Потом Ринча продолжил, после некоторой паузы, видимо, надеясь, что его мысли подхвачу и я.

– Мы не историки, конечно, но нужно помнить, что Хоридой – предводитель хори-туматов. У него было три жены, одна из них Шаралдай, красавица, белоликая, она родила пятерых сыновей, один из них Хуасай, вот он то и стал основателем рода хуасай…

– Хубдут – это тоже меркиты, – вставил я. – Мой отец из рода улаалзай хубдут. И я предпочитаю считать себя хубдутом, по мужской линии.

– Если ты хори-хубдут, должен знать… Хори еще в шестнадцатом веке жили во внутренней Монголии. Они шли из Наи Нава, остановились было там, но потом ушли оттуда – почитай сказание о Бальжин-хатан…

– Не так все однозначно, есть различные версии..

– Да, ладно, не в этом дело… Слушай, – говорил сосредоточенно Ринча, – мы говорим с тобой о своих бабушках. Они оставили неизгладимый след в твоей и моей жизни.

–Да, конечно…

– Думаю, бурятам нужно возродить, как в царские времена, бурятские женские гимназии… Именно женские! Девочек учить отдельно от мальчиков. Помимо классического образования, давать им прочные знания по бурятскому языку, о наших традициях, обычаях бурятского народа, разучивать бурятские песни, сказки… Девочки – будущие мамы, бабушки. Они воспитают настоящих буряток и бурятов…

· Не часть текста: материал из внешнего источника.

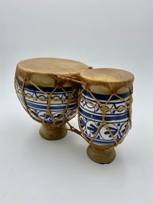 si tratta di uno strumento a percussione costituito da due vasi conici in ceramica, uno più grande e uno più piccolo, chiusi in alto da una pelle solitamente di capra assicurata e tenuta in tensione grazie a due strisce di budello. Altre strisce di budello tengono uniti i due vasi che solitamente sono decorati con motivi geometrici e floreali con colori intensi; in questo caso blu su fondo bianco.
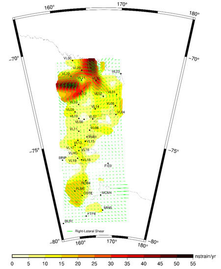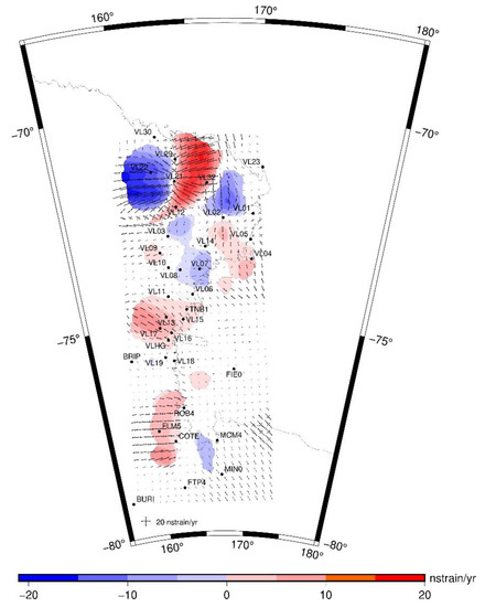 In Antarctica, GNSS stations located on rocky outcrops are distributed in areas not covered by ice along the coasts, so the strain rate field analysis can only be performed along these narrow strips of the continent. This is also applied to VL, which is located near the boundary between West and East Antarctica (Figure 1).

Мы удивленно посмотрели друг на друга. И вправду, хорошая идея. Но я заинтересовался рассказом Ринчи о Цесаревиче и попросил продолжить прерванный его монолог:

– Она и рассказывала, в чистом поле вблизи реки Ингода построили юрточный городок, в центре которого для Цесаревича поставили юрту из десяти раздвижных стен с полным убранством. Построили трибуну для зрителей, буряты состязались в борьбе, организовали конные скачки, игры, борцовские ристалища, стреляли из бурятских луков. Борцы оделись в темные шаровары, голенища закатали выше колен, боролись по пояс с голыми торсами, а лучники одели летние дыгылы из китайского шелка. Волшебное, почти сказочное представление организовали ламы: они тянули за длинные ремни колесницу, впряженную в самодельного слона. Слон почти как живой. Колесница окружена музыкантами дацанского оркестра, мелодии которого покрывались ревом огромных труб ухэр-бурэ, якобы подражающих голосу небесного слона. Процессию охраняли вооруженные нагайками ламы, свирепо отгоняющие злых духов, осмелившихся приблизиться к колеснице. Это зрелище очень понравилось Цесаревичу, он долго аплодировал ристалищу. Цесаревича встречали хлебом-солью, было много знамен, словом, торжество закатили… охренеть можно. Так вот, Цесаревич, когда закончил церемонию награждения бурят и сфотографировался с ними, сказал:

– Благословляю вас жить в мире и дружбе, жить по-совести и справедливости…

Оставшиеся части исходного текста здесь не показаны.